Le miroir a été posé sur le sol et prend appui sur le dossier d’une chaise. La petite fille
était probablement trop petite pour atteindre ce miroir que l’on peut imaginer fixé au mur, ou
trônant sur la coiffeuse de sa mère. Elle met également des accessoires de femme à son niveau
: brosse à cheveux, bâton de rouge à lèvres et poudrier. Ceux-ci sont étalés sur le sol, comme
des jouets pourraient l’être lorsqu’un enfant joue par terre.
Il est intéressant de voir que la poupée, seul élément directement lié à l’enfance, semble
avoir été jetée voire maltraitée. En rejetant ainsi son jouet de petite fille, le personnage se
rebelle contre sa jeunesse, son innocence. Etant donné l’emplacement de la poupée, son reflet
n’apparaît pas dans le miroir : la jeune fille ne souhaite plus la voir dans le monde qu’elle
projette. Le résultat est assez cruel et la poupée se retrouve dans une position quasi indécente.

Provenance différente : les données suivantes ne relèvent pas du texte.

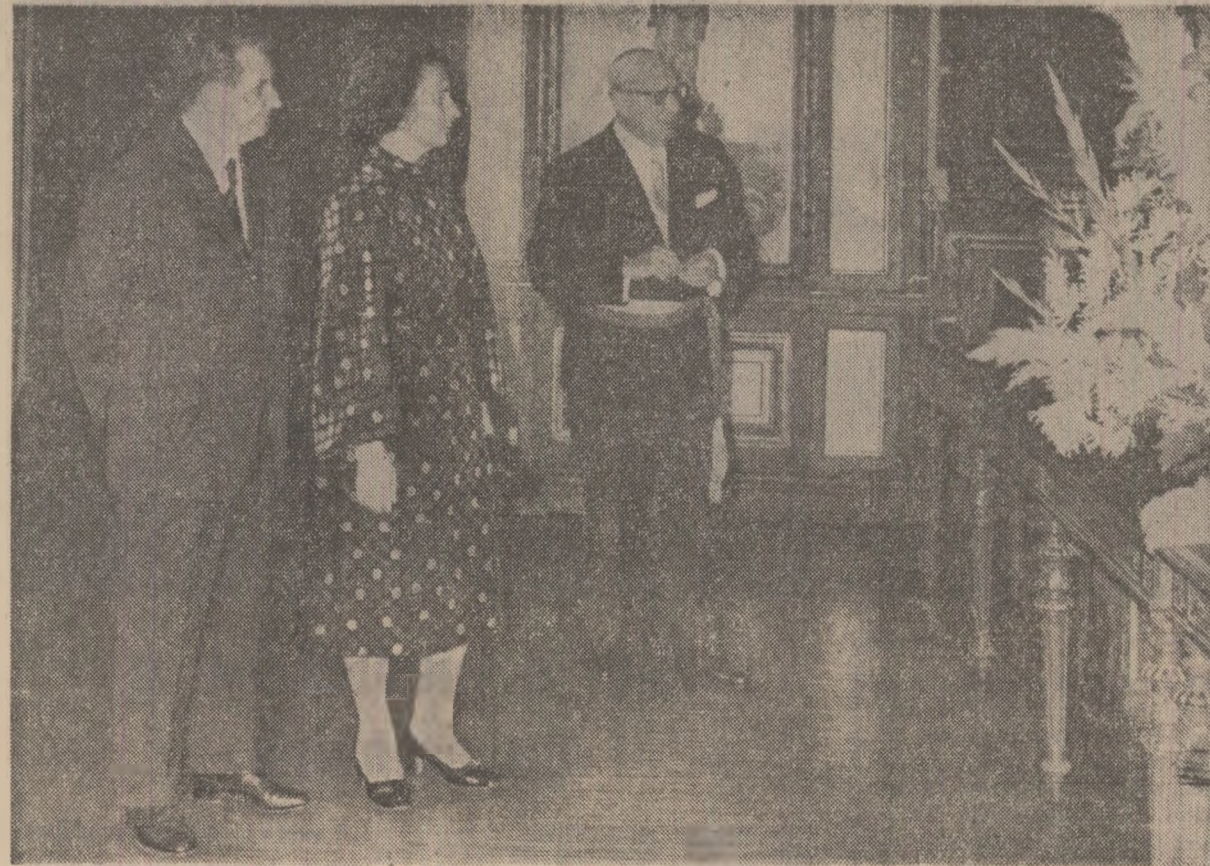
Moment al primirii la primăria din Bruxelles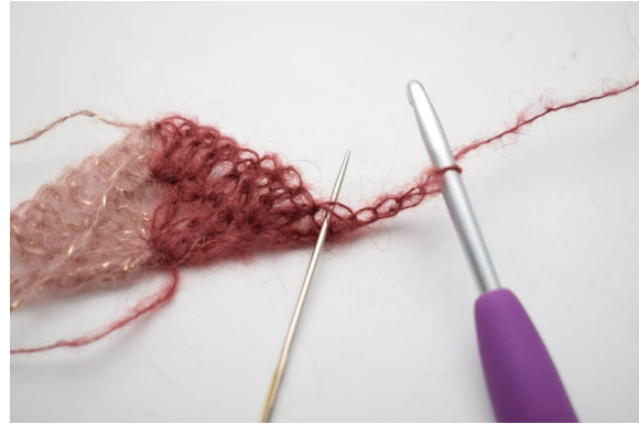
16. virkkaa 2 p ensimmäiseen silmukkaan

Néanmoins, c’est bien cet univers adulte, féminin et glamour qui semble attirer la petite
fille. Le magazine qu’elle a ouvert sur ses genoux en témoigne : Jane Russell, star
hollywoodienne dont la carrière explose dans les années 1950, prend la pose avec un port de
tête très élégant et semble fixer la fillette. Egalement, l’actrice était reconnue et appréciée à
l’écran pour ses formes généreuses et son sex-appeal ; une sorte de Marilyn Monroe brune.
De cette façon, la petite fille semble ballottée entre deux miroirs. Le premier : la photo de la
star, lui renvoyant une image dans laquelle elle se projette ; le second : son propre reflet, qui
ne semble pas lui plaire et l’inquiète.
Serais-je un jour aussi joli ? semble-t-elle se dire.
Le peintre retranscrit cette idée de tiraillement grâce aux accessoires (poupée versus
rouge à lèvres, poudrier), mais aussi par le biais des textures et des couleurs. Les éléments de
l’enfance, peu nombreux, utilisent des textures simples comme le tissu (robe-combinaison de
la fillette et robe de la poupée), ou plus « vulgaire » comme le plastique du corps de la
poupée. A l’inverse, tout ce qui vient du monde des adultes et de la femme est incarné dans
des matériaux plus nobles et travaillés : le miroir à l’encadrement doré, la chaise à l’assise
tressée, le tube de rouge à lèvres doré et la petite boîte bleue et dorée ornée d’un motif délicat.
S’affrontent alors deux époques. Celle de l’enfant, joueur et un peu brouillon (elle n’est pas
totalement habillée, la poupée est à l’envers et son lacet est défait), et celle de la femme
adulte, plus strict et raffiné.
L’usage de la couleur renforce aussi le contraste. Certes le personnage est en blanc et
porte une coiffure de petite fille sage et modèle. Cependant, elle est assise sur un tabouret
portant la couleur de la/des passion(s). Le rouge est présent dans le tableau par petites touches
(nœud de la poupée, rouge à lèvres, brosse, tabouret), mais il y en a suffisamment pour
installer une atmosphère très connotée. Le tube de rouge à lèvres est resté ouvert ; la fillette a
probablement du essayer d’en mettre pour voir si elle aurait à son tour l’allure de la star.
C’est finalement parce qu’elle tente de se juger avec les standards de Beauté adultes que
cette petite fille s’angoisse. L’instant saisi par le peintre offre une image des plus pénétrantes
de l’inquiétude pré-adolescente. Norman Rockwell confère ainsi au miroir bien plus qu’un
rôle d’accessoire. Il est là pour réfléchir et donner à réfléchir. Il met en place une démarche
d’introspection, de regard en soi-même et de profonde interrogation.